HuggingFace Dataset Viewer API.
Provides programmatic access to dataset content, statistics, and structure without downloading entire datasets locally.
See: https://huggingface.co/docs/dataset-viewer
Example
# Check if a dataset is available in the viewer
{:ok, info} = HuggingfaceClient.dataset_viewer_info("rajpurkar/squad")
# Get the first 100 rows of a dataset split
{:ok, rows} = HuggingfaceClient.dataset_viewer_rows("rajpurkar/squad",
split: "train",
offset: 0,
length: 10
)
# Get dataset statistics
{:ok, stats} = HuggingfaceClient.dataset_viewer_statistics("rajpurkar/squad",
config: "plain_text",
split: "train"
)
Summary
Functions
Returns column index/statistics for a dataset split.
Returns the feature schema (column types) for a dataset split.
Returns the first 100 rows of a dataset split (as a preview).
Returns dataset info (size, number of rows, features schema, etc.).
Returns the list of configurations (subsets) for a dataset.
Returns the list of splits for a given dataset config.
Returns the Parquet file URLs for a dataset (if available in Parquet format).
Returns rows from a dataset split with pagination.
Performs a search across all rows in a split.
Returns dataset size (rows, bytes) per split.
Returns descriptive statistics for each column in a dataset split.
Checks whether a dataset is available in the Dataset Viewer.
Functions
@spec column_index( String.t(), keyword() ) :: {:ok, map()} | {:error, Exception.t()}
Returns column index/statistics for a dataset split.
Example
{:ok, index} = HuggingfaceClient.dataset_viewer_column_index("rajpurkar/squad",
config: "plain_text",
split: "train"
)
@spec features( String.t(), keyword() ) :: {:ok, map()} | {:error, Exception.t()}
Returns the feature schema (column types) for a dataset split.
Example
{:ok, features} = HuggingfaceClient.dataset_viewer_features("rajpurkar/squad",
config: "plain_text",
split: "train"
)
@spec first_rows( String.t(), keyword() ) :: {:ok, map()} | {:error, Exception.t()}
Returns the first 100 rows of a dataset split (as a preview).
Options
:config— configuration/subset name:split— split name (e.g."train","test"):token— HF API token for private datasets
Example
{:ok, preview} = HuggingfaceClient.dataset_viewer_first_rows("rajpurkar/squad",
config: "plain_text",
split: "train"
)
Enum.each(preview["rows"], fn r -> IO.inspect(r["row"]) end)

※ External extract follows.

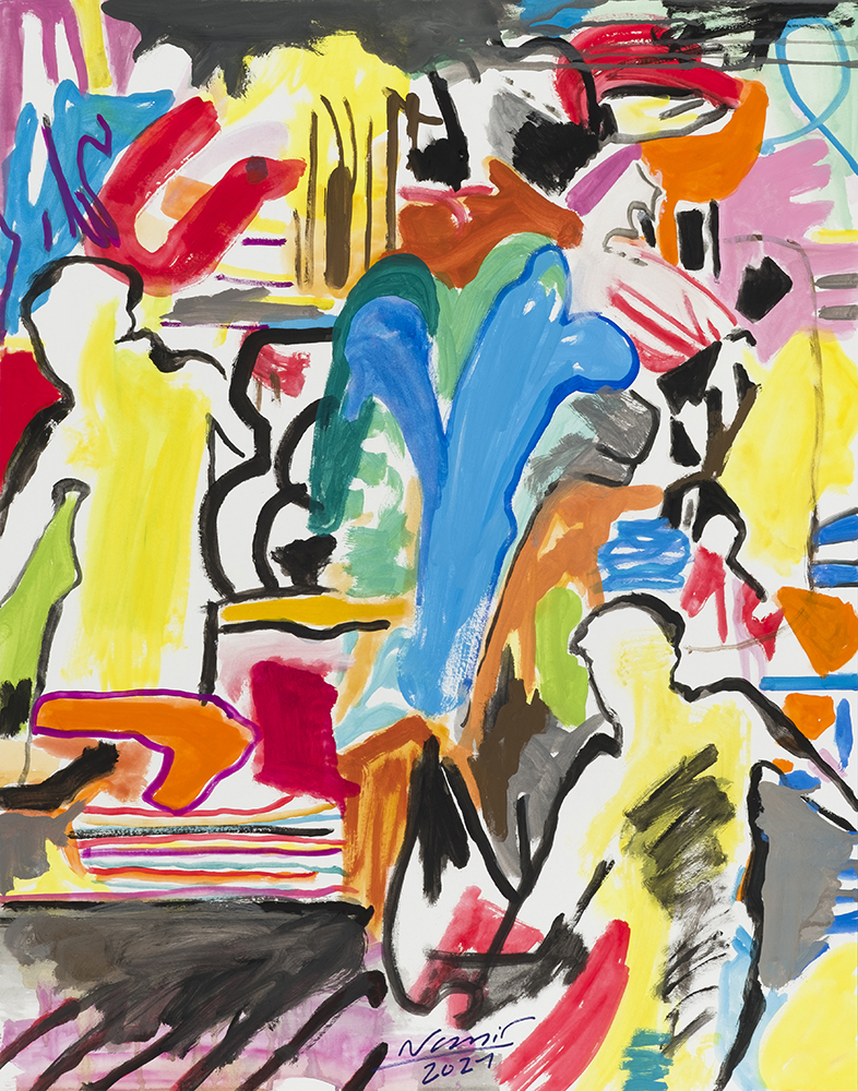 O Gallery is pleased to present a new collection of works by Ali Nassir (b. 1951 Tehran), marking the artist’s fourth solo show with the gallery. What stands out at first glance in Nassir’s works are the bright and luminous colors executed on both works on paper and canvases. On a closer look; however, the elements and the way they are scattered or grouped together on the surface, their relationship to one another and the act of painting itself become of the most important essence. Inspired by every day life, literature, cinema and trivial events, may it be a news clip or a personal encounter; an image of a pop star on the news or historical references such as the beheading of Holofernes, they all turn into Nassir’s own rich experiential encounters rather than merely presenting a quantum of information, illustrating the artist’s concepts of beauty, life and death.

@spec info( String.t(), keyword() ) :: {:ok, map()} | {:error, Exception.t()}
Returns dataset info (size, number of rows, features schema, etc.).
Example
{:ok, info} = HuggingfaceClient.dataset_viewer_info("rajpurkar/squad")
IO.inspect(info["dataset_info"])
@spec list_configs( String.t(), keyword() ) :: {:ok, [map()]} | {:error, Exception.t()}
Returns the list of configurations (subsets) for a dataset.
Example
{:ok, configs} = HuggingfaceClient.dataset_viewer_configs("glue")

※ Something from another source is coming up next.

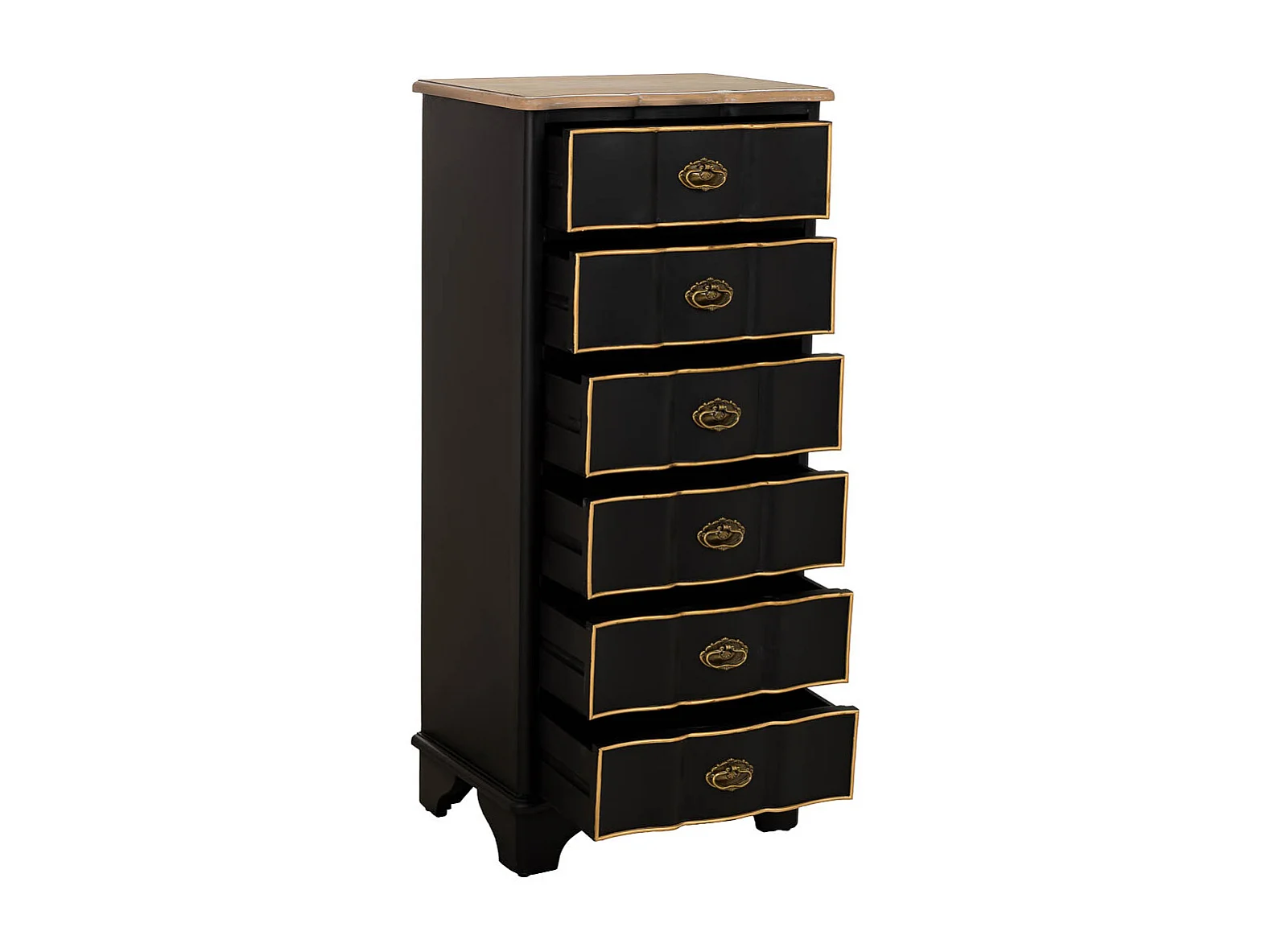 Commode en bois noir : 50 x 35 x 110 cm (h)

Enum.each(configs, fn c -> IO.puts(c["config_name"]) end)
@spec list_splits( String.t(), keyword() ) :: {:ok, [map()]} | {:error, Exception.t()}
Returns the list of splits for a given dataset config.
Example
{:ok, splits} = HuggingfaceClient.dataset_viewer_splits("rajpurkar/squad",
config: "plain_text"
)
Enum.each(splits, fn s -> IO.puts(s["split"]) end)
@spec parquet( String.t(), keyword() ) :: {:ok, map()} | {:error, Exception.t()}
Returns the Parquet file URLs for a dataset (if available in Parquet format).
Example
{:ok, result} = HuggingfaceClient.dataset_viewer_parquet("rajpurkar/squad")
result["parquet_files"] |> Enum.each(fn f ->
IO.puts("#{f["split"]}: #{f["url"]}")
end)
@spec rows( String.t(), keyword() ) :: {:ok, map()} | {:error, Exception.t()}
Returns rows from a dataset split with pagination.
Options
:config— configuration name:split— split name (required):offset— row offset (default: 0):length— number of rows to return, max 100 (default: 100):access_token
Example
{:ok, result} = HuggingfaceClient.dataset_viewer_rows("rajpurkar/squad",
config: "plain_text",
split: "train",
offset: 0,
length: 10
)
IO.puts("Total rows: #{result["num_rows_total"]}")
Enum.each(result["rows"], fn r -> IO.inspect(r["row"]) end)
@spec search( String.t(), keyword() ) :: {:ok, map()} | {:error, Exception.t()}
Performs a search across all rows in a split.
Options
:query— search query string (required):config— configuration name:split— split name (required):offset— result offset:length— number of results, max 100
Example
{:ok, results} = HuggingfaceClient.dataset_viewer_search("rajpurkar/squad",
query: "Albert Einstein",
config: "plain_text",
split: "train"
)
@spec size( String.t(), keyword() ) :: {:ok, map()} | {:error, Exception.t()}
Returns dataset size (rows, bytes) per split.
Example
{:ok, size} = HuggingfaceClient.dataset_viewer_size("rajpurkar/squad")
IO.inspect(size["size"])
@spec statistics( String.t(), keyword() ) :: {:ok, map()} | {:error, Exception.t()}
Returns descriptive statistics for each column in a dataset split.
Example
{:ok, stats} = HuggingfaceClient.dataset_viewer_statistics("rajpurkar/squad",
config: "plain_text",
split: "train"
)
stats["statistics"]
|> Enum.each(fn col ->
IO.puts("#{col["column_name"]}: type=#{col["column_type"]}")
end)
@spec valid?( String.t(), keyword() ) :: {:ok, map()} | {:error, Exception.t()}
Checks whether a dataset is available in the Dataset Viewer.
Returns {:ok, %{"preview" => bool, "viewer" => bool}} or an error.
Example
{:ok, info} = HuggingfaceClient.dataset_viewer_valid?("rajpurkar/squad")